E2 Round-up: Enviros race to define Brown’s climate-changing win
She points to signs such as Majority Leader Harry Reid’s (D-Nev.) recent pledge to bring up a climate bill this year and the work of Sens. John Kerry (D-Mass.), Lindsey Graham (R-S.C.) and Joe Lieberman (I-Conn.) to craft a bipartisan plan.
Taylor-Miesle also writes that she’s “not counting Brown out.”
“Most of Brown’s tea party supporters are out-of-staters, eager to push their agenda in whatever campaign they can. But now that the election is over, those folks will return home, and Brown will be left with the people who elected him — Massachusetts citizens who have said in poll after poll that they want clean energy and climate legislation to pass,” she writes.
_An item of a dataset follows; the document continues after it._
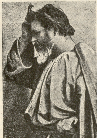
სურ. 6. მოციქული პეტრე.

განდევნა პირველის ადამიანისა (სურათი მე-3). პროლოგი კი მელიოდრამატული ესალმება დამსწრეთ და სთხოვს მათ მთელი არსება მიაპყრან უზენაესს. ამის შემდეგ გუნდი გვერდებზე ჩამწყვირდება და შიგნითა სცენაზე გამოჩნდება მეორე ცოცხალი სურათი— იესოს ჯვარის თაყვანის კემა. მოქმედება იწყება ბზობით. იესო ქრისტე მიემგზავრება იერუსალიმისაკენ. გარშემო მას ახვევია აუარებელი ხალხი. მხიარულის სიმღერით უფენენ ხის ტოტებსა და ტანისამოსს, ბავშვები მღერაინ „ოხანას“ (სურ. მე-4). ფარისევლები შორი ახლოდან შიშით ადევნებენ თვალყურს. იესო ეკლესიაში ჩარჩებს შეამჩნევს. განრისხებული გამორეკავს მათ იქედან და წააქცევს მტრედების გალიას. ჩარჩები გონს მოვლენ, შურის ძიებას მოიწადინებენ. მათ ლევიტები აქეზებენ და ურჩევენ მღვდელ მთავარს მიმართონ საჩივრით. მეორე მოქმედებაში გუნდსა და პროლოგის შემდეგ გამო-
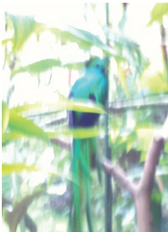
Fotografía de un quetzal en su hábitat natural tomada por Eduardo Sarabia

Serpiente emplumada y otros festejos es la instalación más reciente de este artista, surgida a partir de una fascinación personal por el quetzal, misma que detonó una serie de encuentros, controversias, historias, intercambios y procesos de producción aquí comentados, que lo llevaron a materializar esta obra.

Over at the Dallas Morning News, however, Washington reporter Dave Michaels wonders whether climate change legislation is “still a priority for team Obama.”
His piece came before Brown’s win last night, but he notes that White House senior advisor David Axelrod didn’t list climate among the top 2010 priorities in a briefing with reporters Tuesday.
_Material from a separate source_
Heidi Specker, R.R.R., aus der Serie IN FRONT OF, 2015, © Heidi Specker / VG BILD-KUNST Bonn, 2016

The future of the U.S. coal industry is bound up in whatever climate change decisions lawakers do — or don’t — make.
But even with national legislation in limbo, a new report by West Virginia environmental consultants predicts continued declines in Central Appalachian coal production and urges states in the region to boost their support for renewable energy development, the Associated Press reports.